In this context, the backlog serves as a structuring element: the tasks it contains are prioritized according to their importance and processed step by step, often in fixed time-boxed iterations. This allows a team to deliver functional results continuously while still meeting agreed deadlines and budget constraints.

Types of Backlogs

In agile methodologies, different types of backlogs exist, depending on the framework used and the size of the organization.

In the Scrum framework, two central backlogs are distinguished. The Product Backlog represents the entire planned scope of functionality and value of a product from the user’s perspective and serves as the overarching basis for development. From this, a Sprint Backlog is derived for a defined iteration period and is jointly defined by the Product Owner and the development team. It describes the concrete scope of work for a single sprint.

In large-scale development environments involving multiple teams, such as those defined by the Scaled Agile Framework (SAFe), the backlog structure is further differentiated.
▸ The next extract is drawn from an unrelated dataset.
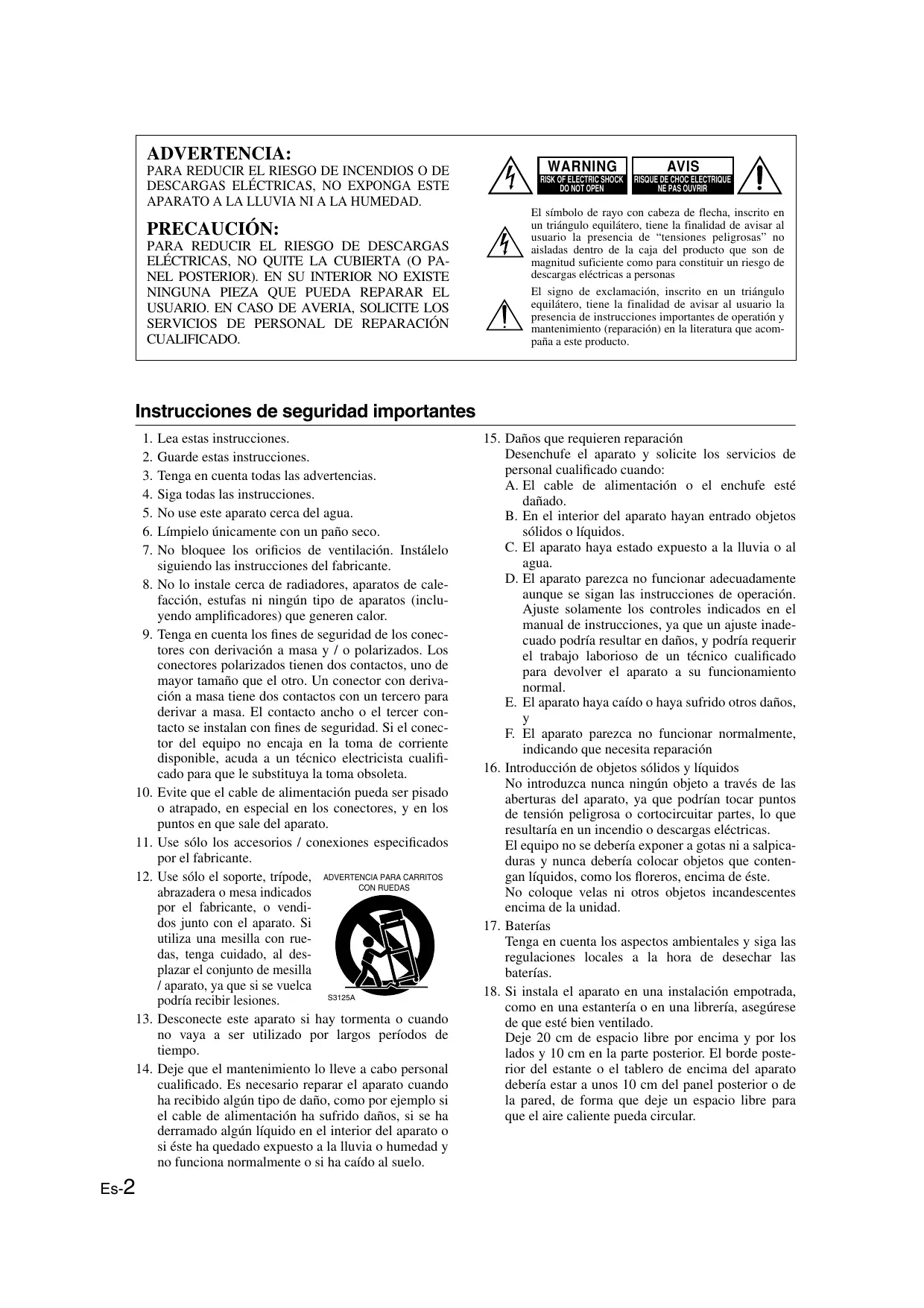 Guarde estas instrucciones. Tenga en cuenta todas las advertencias. Siga todas las instrucciones. No use este aparato cerca del agua. Límpielo únicamente con un paño seco. No bloquee los orificios de ventilación. Instálelo siguiendo las instrucciones del fabricante. No lo instale cerca de radiadores, aparatos de calefacción, estufas ni ningún tipo de aparatos (incluyendo amplificadores) que generen calor. Tenga en cuenta los fines de seguridad de los conectores con derivación a masa y / o polarizados. Los conectores polarizados tienen dos contactos, uno de mayor tamaño que el otro. Un conector con derivación a masa tiene dos contactos con un tercero para derivar a masa. El contacto ancho o el tercer contacto se instalan con fines de seguridad. Si el conector del equipo no encaja en la toma de corriente disponible, acuda a un técnico electricista cualificado para que le substituya la toma obsoleta. Evite que el cable de alimentación pueda ser pisado o atrapado, en especial en los conectores, y en los puntos en que sale del aparato. Use sólo los accesorios / conexiones especificados por el fabricante. Use sólo el soporte, trípode, ADVERTENCIA PARA CARRITOS CON RUEDAS abrazadera o mesa indicados por el fabricante, o vendidos junto con el aparato. Si utiliza una mesilla con ruedas, tenga cuidado, al desplazar el conjunto de mesilla / aparato, ya que si se vuelca S3125A podría recibir lesiones. Desconecte este aparato si hay tormenta o cuando no vaya a ser utilizado por largos períodos de tiempo. Deje que el mantenimiento lo lleve a cabo personal cualificado. Es necesario reparar el aparato cuando ha recibido algún tipo de daño, como por ejemplo si el cable de alimentación ha sufrido daños, si se ha derramado algún líquido en el interior del aparato o si éste ha quedado expuesto a la lluvia o humedad y no funciona normalmente o si ha caído al suelo.

A multi-level backlog model is used:

  • The Team Backlog contains implementation-ready work items for individual teams and functionally corresponds to the classic Product Backlog.
  • The Program Backlog is used at the program level and supports product management in steering and prioritizing the product lifecycle.
  • The Solution Backlog consolidates cross-cutting solution approaches, technical enablers, or components required to implement the Program Backlog.
  • The Portfolio Backlog includes approved and conceptually defined epics that are strategically relevant but not yet in active execution.
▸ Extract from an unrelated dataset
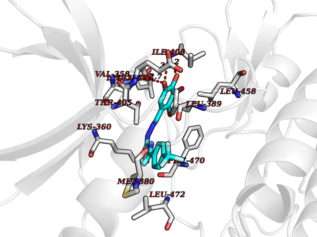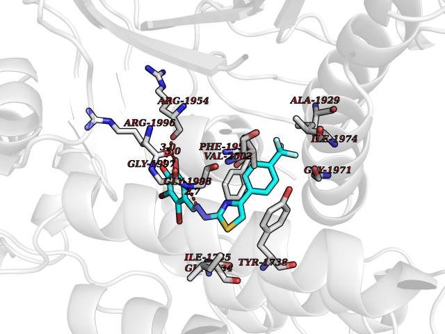 Target general information Gen name CDK8 Organism Homo sapiens (Human) Uniprot ID TTD ID Synonyms Protein kinase K35; Mediator of RNA polymerase II transcription subunit CDK8; Mediator complex subunit CDK8; Cell division protein kinase 8 Protein family Protein kinase superfamily, CMGC Ser/Thr protein kinase family, CDC2/CDKX subfamily Biochemical class Kinase Function Mediator functions as a bridge to convey information from gene-specific regulatory proteins to the basal RNA polymerase II transcription machinery. Mediator is recruited to promoters by direct interactions with regulatory proteins and serves as a scaffold for the assembly of a functional preinitiation complex with RNA polymerase II and the general transcription factors. Phosphorylates the CTD (C-terminal domain) of the large subunit of RNA polymerase II (RNAp II), which may inhibit the formation of a transcription initiation complex. Phosphorylates CCNH leading to down-regulation of the TFIIH complex and transcriptional repression. Recruited through interaction with MAML1 to hyperphosphorylate the intracellular domain of NOTCH, leading to its degradation. Component of the Mediator complex, a coactivator involved in regulated gene transcription of nearly all RNA polymerase II-dependent genes. Related diseases Intellectual developmental disorder with hypotonia and behavioral abnormalities (IDDHBA) [MIM:618748]: An autosomal dominant neurodevelopmental disorder with onset in infancy. IDDHBA is characterized by hypotonia, global developmental delay, learning disability, and behavioral abnormalities, such as autistic features and attention deficit-hyperactivity disorder. Additional variable features may include non-specific facial dysmorphism, congenital heart defects, ocular anomalies, and poor feeding. {ECO:0000269|PubMed:30905399}. The disease is caused by variants affecting the gene represented in this entry. Drugs (DrugBank ID) DB03496 Interacts with P24863; Q01094; P02489; Q14204; Q92876 EC number EC 2.7.11.22 Uniprot keywords 3D-structure; Activator; Alternative splicing; ATP-binding; Autism spectrum disorder; Disease variant; Intellectual disability; Kinase; Nucleotide-binding; Nucleus; Proteomics identification; Reference proteome; Repressor; Serine/threonine-protein kinase; Transcription; Transcription regulation; Transferase Protein physicochemical properties Chain ID A Molecular weight (Da) 37655.2 Length 321 Aromaticity 0.11 Instability index 37.04 Isoelectric point 8.56 Charge (pH=7) 5.13 3D Binding mode Sequence DKMDYDFKVKLSSERERVEDLFEYEGCKVGHVYKAKRKDGKDDKDYALKQIEGTGISMSACREIALLRELKHPNVISLQKVFLSHADRKVWLLFDYAEHDLWHIIKFHRASKLPRGMVKSLLYQILDGIHYLHANWVLHRDLKPANILVMGEGPERGRVKIADMGFARVTFWYRAPELLLGARHYTKAIDIWAIGCIFAELLTSEPIFHCRQNPYHHDQLDRIFNVMGFPADKDWEDIKKMPEHSTLMKDFRRNTYTNCSLIKYMEKHKVKPDSKAFHLLQKLLTMDPIKRITSEQAMQDPYFLEDPLPTSDVFAGCQIPY Hydrogen bonds contact Hydrophobic contact | ||||

Which backlog structure is appropriate depends largely on the organizational context. In environments with multiple development teams, dividing work into team-specific backlogs helps clearly separate responsibilities. If all participants work within a single team, a central backlog may be sufficient and can also serve as the basis for release planning.

What Are Backlog Items?

Backlogs contain different types of entries, known as backlog items. These may include, for example:

  • User story
  • Epic
  • Job story
  • Functional requirements
  • Quality requirements
  • Use case
  • Defect (bugs and errors)
  • Impediment

Ideally, each item includes a description, a priority, an effort estimate, and a statement of customer value. The higher the priority of an item, the more detailed its specification tends to be in practice. At the same time, higher priority increases the likelihood that the item will be addressed and implemented.

Benefits and Objectives

Using a backlog helps teams and organizations to:

  • make work items transparent,
  • set priorities in a clear and traceable way,
  • better manage scope, time, and budget, and
  • ensure delivery capability despite changing requirements.

As a result, the backlog makes a significant contribution to the predictability and quality of outcomes.

Distinction from Related Concepts

A backlog differs from traditional project plans or task lists due to its dynamic nature. While project plans usually reflect fixed timelines and sequences, a backlog remains deliberately open to change. Unlike a simple to-do list, a backlog is prioritized and strategically aligned.